The Acacia Strain – Failure Will Follow


Annoncés coup sur coup, Step Into The Light et Failure Will Follow arborent tous deux l’esthétique typique de The Acacia Strain (nihilisme croisé avec une contemplation de la nature), mais présentent des faces très différentes du groupe. Failure Will Follow, bien que plus long que son frère, ne comporte que trois pistes. Face à un tel triptyque, deux craintes surgissent : « Quid des structures des compositions ? » et « Pourvu que ça ne sonne pas juste comme de l’Acacia classique passé au ralenti ! » Défis relevés dans l’ensemble, principalement grâce au penchant atmosphérique qui préexistait en The Acacia Strain.

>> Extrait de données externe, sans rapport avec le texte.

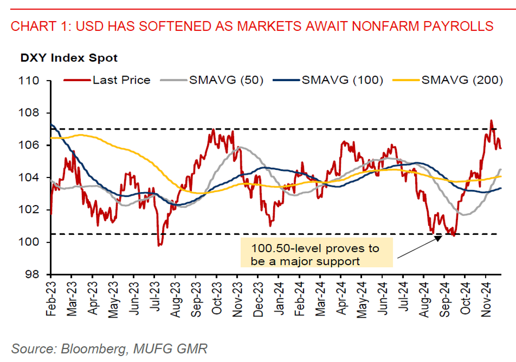 Meanwhile, political uncertainty in France persists. French President Macron now has to find a replacement for Prime Minister Michel Barnier, whose government has been toppled by a “no confidence” vote in parliament. The 2025 budget has also not been passed. But for now, markets have not priced in greater political risk, with the spread between France’s and Germany’s 10-year yield narrowing to 78bps after nearly touching 90bps, while EURUSD bounced by 0.5%.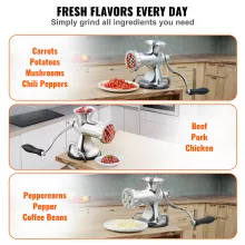 The manual grinder features dual fixation methods—a strong suction base and a secure steel clamp—so it stays rock-steady while in use. The 0.79″–1.97″ clamp range fits most kitchen countertops with ease. The sharp internal blades and spiral auger are engineered for precision cutting, so you get smooth, clog-free grinding, even with semi-frozen meat. From beef and chicken to low-moisture vegetables like mushrooms or peppers, this grinder handles it all.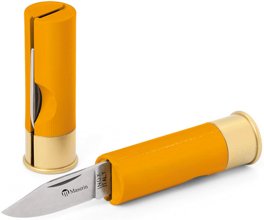 2.63" (6.68cm) closed. 1.88" (4.78cm) stainless clip point blade. Yellow plastic handle. Handle in shape of shotgun shell. Boxed.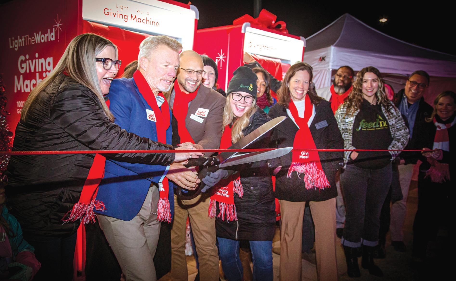 Community leaders and volunteers celebrate the official opening of the Light the World Giving Machine in Charlotte during the 2024 ribbon-cutting ceremony. The Giving Machine returns this year in a new location. Visit Carolina Place Mall from Nov. 19 to Dec. 7.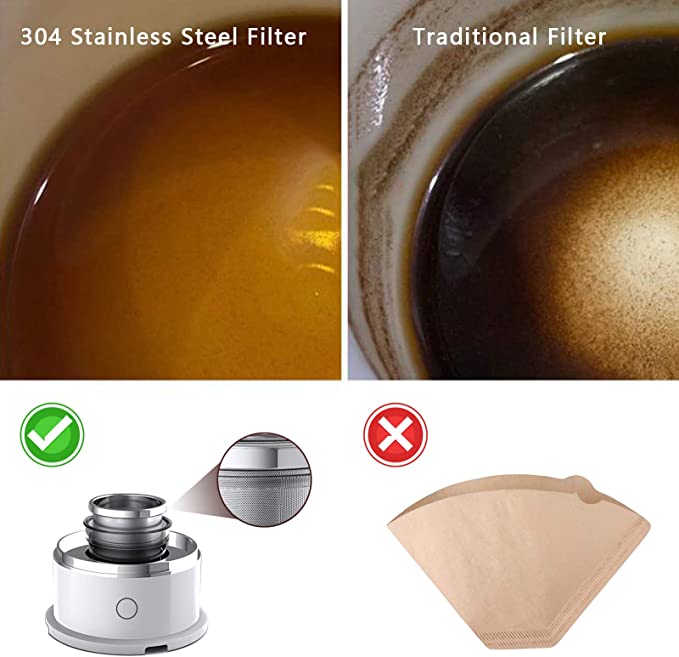 ☕【Cost Saving】This Drip Coffee Maker uses a coffee filter made of 304 stainless steel, which can be reused. It makes the filtration more delicate and the brewing is more uniform, and its quality is better than plastic, ceramic or glass coffee filters, so you can save money on buying paper coffee filters.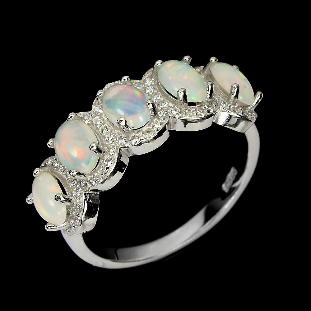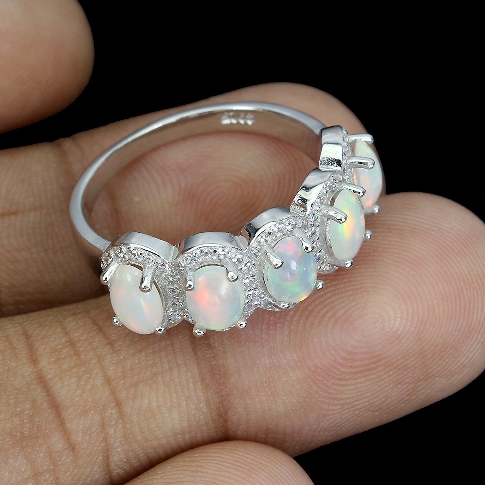 Unheated Oval Fire Opal Rainbow 6x4mm Simulated Cz 925 Sterling Silver Ring 8.5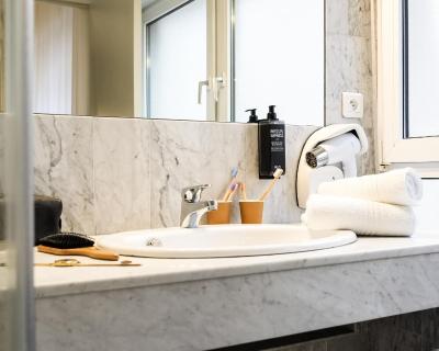Il propose des chambres élégantes et contemporaines bénéficiant d'une vue sur un jardin fleuri ou sur les cours intérieures de l'hôtel. Elles disposent toutes d'une télévision à écran plat et d'une connexion Wi-Fi, ainsi que d'une salle de bains privative pourvue d'une douche ou d'une baignoire.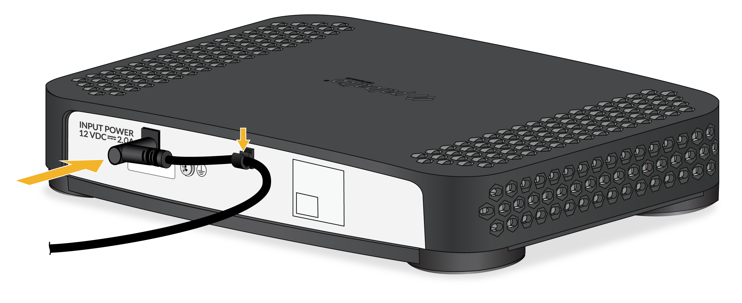 PA-545-POE and PA-555-POEPlug the DC connector from the power adapter into the port on the firewall and secure the input to the firewall.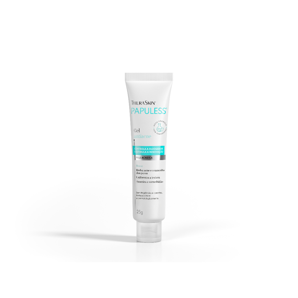 Theraskin Papuless - Gel Antiacne 25g O Papuless® gel antiacne auxilia no combate às pápulas (acnes). A acne é o nome dado a espinhas e cravos que surgem devido a um processo inflamatório das glândulas sebáceas e dos folículos pilossebáceos. É muito frequente na fase da adolescência, sem deixar de ser comum também em adultos, principalmente em mulheres. Além do incômodo das lesões, como na adolescência a aparência é um fator importante, o comprometimento estético determinado por alterações da pele pode atingir o lado psicológico e tornar o adolescente inseguro, tímido, deprimido, infeliz, com rebaixamento da autoestima e com consequências sérias que podem persistir pelo resto da vida. (Fonte: Sociedade Brasileira de Dermatologia) Indicado para todos os tipos de pele, o Papuless® gel antiacne é formulado à base de nicotinamida, um derivado ativo da vitamina B3 com ação anti-inflamatória, que melhora a textura e uniformiza a tonalidade da pele. Como Usar Com a pele devidamente limpa e higienizada, aplique o Papuless® Gel Antiacne de uma forma uniforme em toda a superfície afetada. Repita o processo 2 vezes ao dia ou conforme orientação médica. É importante manter a regularidade do uso do gel antiacne e uniformizador Papuless® para não comprometer os resultados. Para que a limpeza da pele seja feita adequadamente, é indicado o uso de um sabonete para o seu tipo de pele, como o Theracne® Sabonete Antiacne para Pele Oleosa.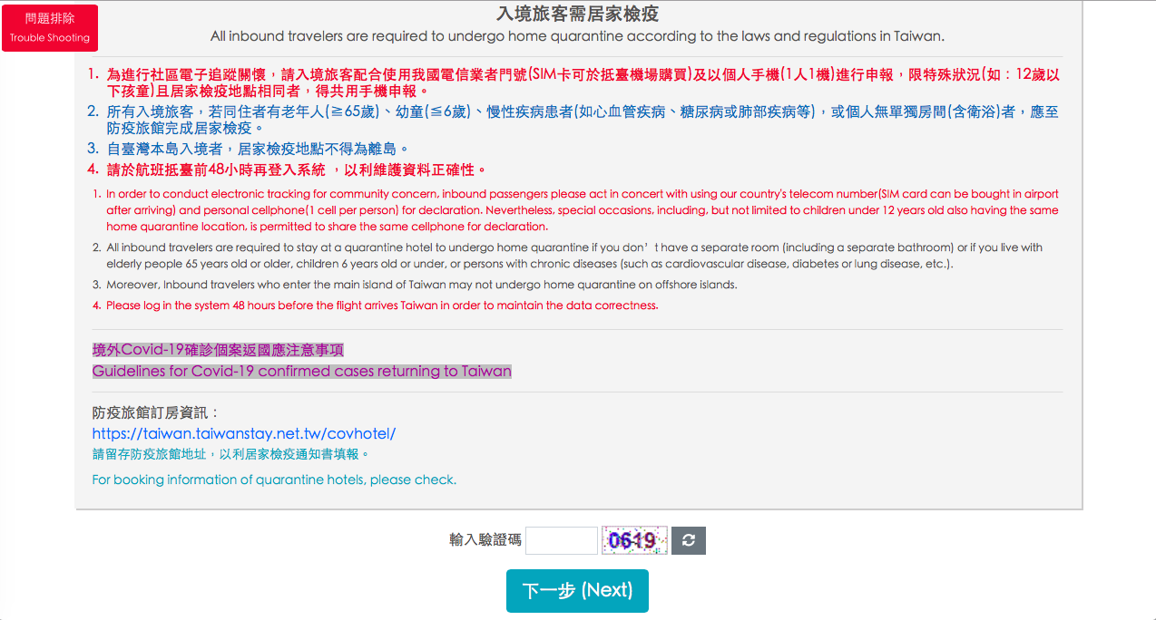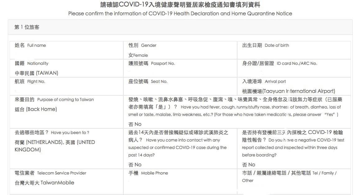 登機前48小時內先登入了衛福部的入境檢疫系統 (點擊查看)(Quarantine System for Entry)填寫健康聲明書。

On assiste à une suite de tableaux, chaque morceau s’armant de son propre fil rouge. Les habitués ne trouveront pas Failure Will Follow aussi « glauque » qu’annoncé : des samples, claviers ou guitares solitaires y fournissent l’oxygène vital, de même qu’une intervention féminine spectrale (signée iRis.EXE) sur « Pillar Of Salt », intercalée entre les passages marqués au fer rouge par Dylan Walker (Full Of Hell). Le rapport de force est plus souple ; le chant prend parfois de la distance, et la hiérarchie sonore se trouve alors aplanie. Les riffs sont bien de la partie, si sourds soient-ils ; les guitares tombent comme des couperets plutôt que de nous hacher menu. « Bog Walker » se démarque par sa longue introduction fuzzée, ses riffs stoner et des voix atypiques, tandis que « Basin Of Vows » s’agrémentera peu à peu d’éléments horrifiques. On perçoit sur Failure Will Follow le plaisir éprouvé par les membres, libres de s’étendre dans des directions nouvelles. Reste la question inévitable : ces deux courts disques auraient-ils pu être rassemblés ? Peut-être visent-ils des publics suffisamment différents pour justifier cette scission. Quoi qu’il en soit, ils offriront d’intéressantes dynamiques en concert.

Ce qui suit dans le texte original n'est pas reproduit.